▸ Record set
=== Begin Enclosure ===

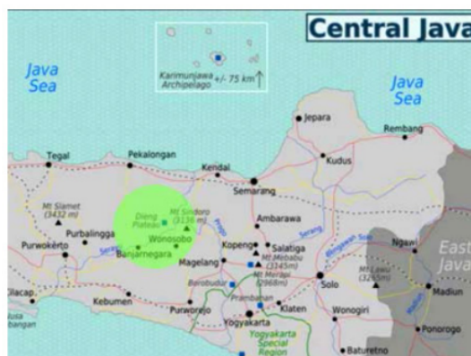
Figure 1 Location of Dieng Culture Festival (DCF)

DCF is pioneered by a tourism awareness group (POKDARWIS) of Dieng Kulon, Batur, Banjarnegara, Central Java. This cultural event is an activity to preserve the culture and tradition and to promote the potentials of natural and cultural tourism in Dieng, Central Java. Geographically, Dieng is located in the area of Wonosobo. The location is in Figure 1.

=== End Enclosure ===
=== Begin Enclosure ===

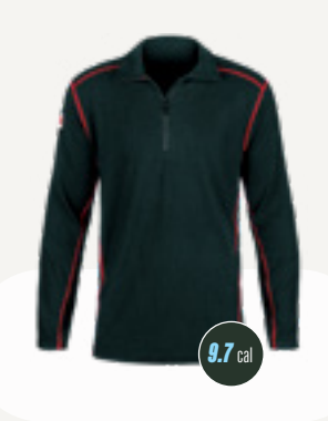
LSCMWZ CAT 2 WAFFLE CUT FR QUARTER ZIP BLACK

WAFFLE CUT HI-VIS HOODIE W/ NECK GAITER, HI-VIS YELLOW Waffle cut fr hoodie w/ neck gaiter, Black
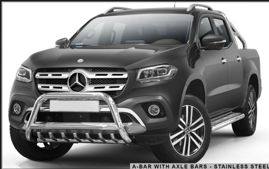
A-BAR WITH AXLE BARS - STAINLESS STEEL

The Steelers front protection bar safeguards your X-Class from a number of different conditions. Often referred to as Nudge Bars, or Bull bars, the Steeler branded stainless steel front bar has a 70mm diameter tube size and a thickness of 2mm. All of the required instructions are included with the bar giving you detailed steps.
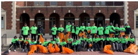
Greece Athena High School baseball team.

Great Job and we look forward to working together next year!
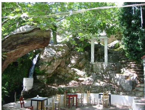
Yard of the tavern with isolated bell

=== End Enclosure ===

▸ About this exercise
Set down exactly the lines of the data above, beginning with the line that has "Figure 1 Location" and ending with the line that has "DCF is pioneered", and no others.

▸ Result
Figure 1 Location of Dieng Culture Festival (DCF)

DCF is pioneered by a tourism awareness group (POKDARWIS) of Dieng Kulon, Batur, Banjarnegara, Central Java. This cultural event is an activity to preserve the culture and tradition and to promote the potentials of natural and cultural tourism in Dieng, Central Java. Geographically, Dieng is located in the area of Wonosobo. The location is in Figure 1.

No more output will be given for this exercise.